12. The liquid enzyme prewash composition of claim 6 wherein said soluble alkaline earth salt is selected from soluble magnesium and calcium salts, and said first and second nonionic surfactants are two different alkoxylated alkylphenols.

13. The liquid enzyme prewash composition of claim 12 wherein said first nonionic surfactant forms a first, continuous phase with said water and said second nonionic surfactant forms a dispersed, lamellar phase in said first phase, further wherein said first nonionic surfactant is selected from ethoxylated nonylphenols with an HLB of about 12 or greater and said second nonionic surfactant is selected from ethoxylated nonylphenols with an HLB of 10 or less.

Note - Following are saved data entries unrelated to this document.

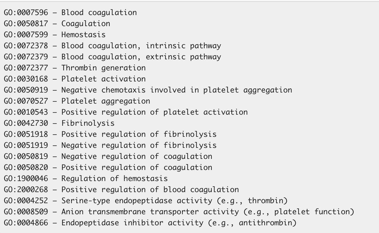 Expanding this analysis beyond the most published 27 genes in the clotting cascade, we can find 2312 gene that should be further scrutinized when using the following GO terms.
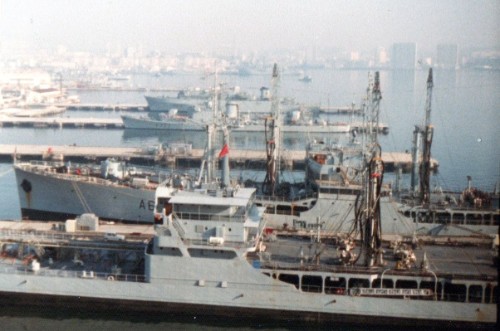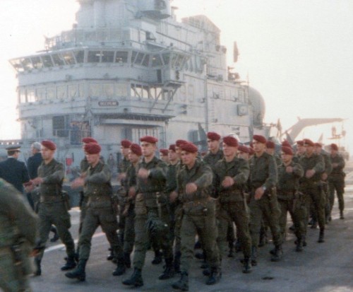 " Tout a commencé pour l' appelé Volontaire Parachutiste par l' affichage sur les panneaux d'information des compagnies de documents présentant le SÉNÉGAL .Le jour venu on s'affaire du coté de la CCS pour former les faisceaux d' armes et de matériels " Le détachement GUÉPARD du 1° R.C.P. fort de 20 Officiers , 49 Sous Officiers , et 321 Parachutistes fera mouvement par voie ferrée pour rejoindre TOULON afin d' embarquer sur le Porte avions FOCH " Le FOCH domine les autres bâtiments de son imposante stature .Au premier plan un piquet d'honneur de marins "
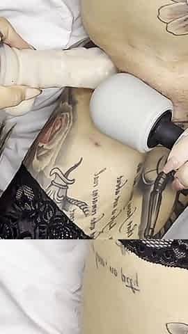 Tattooed babe with big tits and ass touches herself on webca
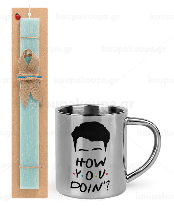 Friends how you doin?, Πασχαλινή Λαμπάδα με μεταλλική κούπα θερμό (300ml) & κερί αρωματικό πλακέ (30cm) (ΤΙΡΚΟΥΑΖ)
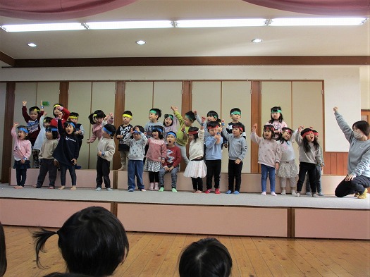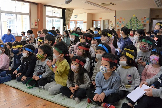 2021年12月18日 発表会予行 3歳児 つき 12月25日の発表会を前に舞台で予行を行いました。 全園児が見守る中で、ちょっぴり緊張気味のこどもたちでしたが ほどよい緊張感の中で、楽しく劇あそびを披露することができました。 何を考えながら観ているのでしょう!? 他クラスの発表を食い入るように見守るこどもたちです。 一覧へ戻る
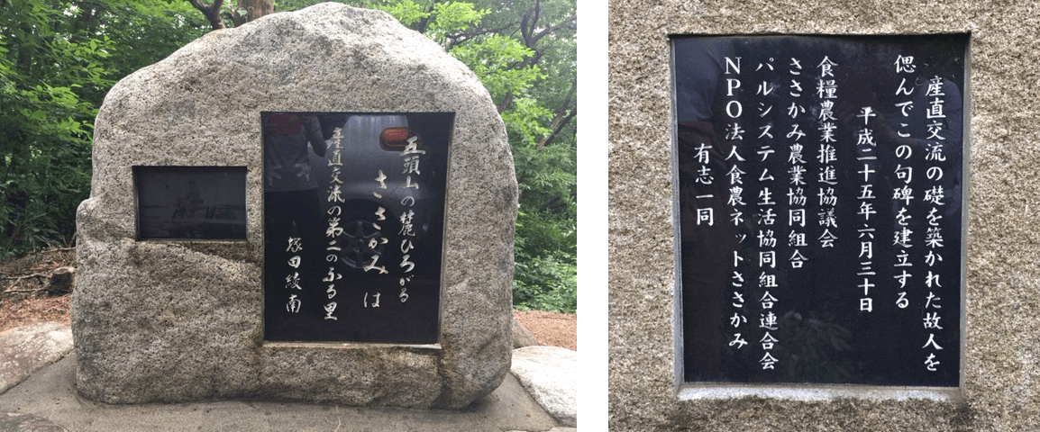 ▲パルシステムとの交流の証、石碑。毎年たくさんの組合員が訪れてきた歴史でもあります。
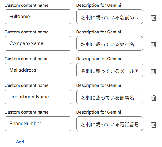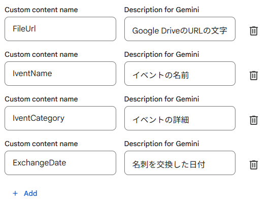 そして、Custom content nameとDescription for Geminiには以下の表のとおりに設定します。順番は順不同です。
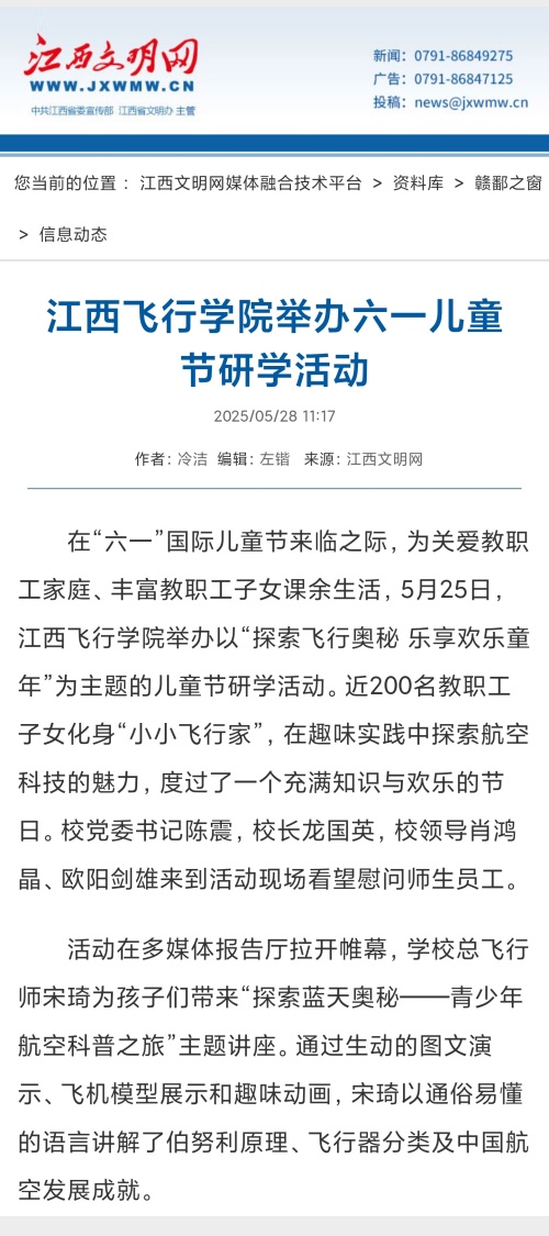 近日,江西文明网报道,江西飞行学院举办“六一”国际儿童节航空科普研学活动,详情如下:

14. The liquid enzyme prewash composition of claim 12 wherein said first nonionic surfactant is an ethoxylated nonylphenol with 9-10 moles of ethylene oxide per mole of alcohol and an HLB of 13.4, said second nonionic surfactant is an ethoxylated nonyiphenol with an HLB of 10, and the amounts of said first and second nonionic surfactants are from about 3-6% and about 5-9%, respectively.

15. The liquid enzyme prewash composition of claim 12 wherein the ratios of said first and second nonionic surfactants is about 5:1 to 1:5.

16. The liquid enzyme prewash composition of claim 6 further comprising a base to adjust to a pH of above about 6.8 to below about 9.

17. The liquid enzyme prewash composition of claim 16 wherein said base is either an inorganic base or an organic base.

18. The liquid enzyme prewash composition of claim 16 wherein said pH is maintained by means of a buffer.

19. The liquid enzyme prewash composition of claim 6 further comprising an aesthetic adjunct selected from the group consisting of fragrances, dyes, pigments, mildewstats and bacteriostats.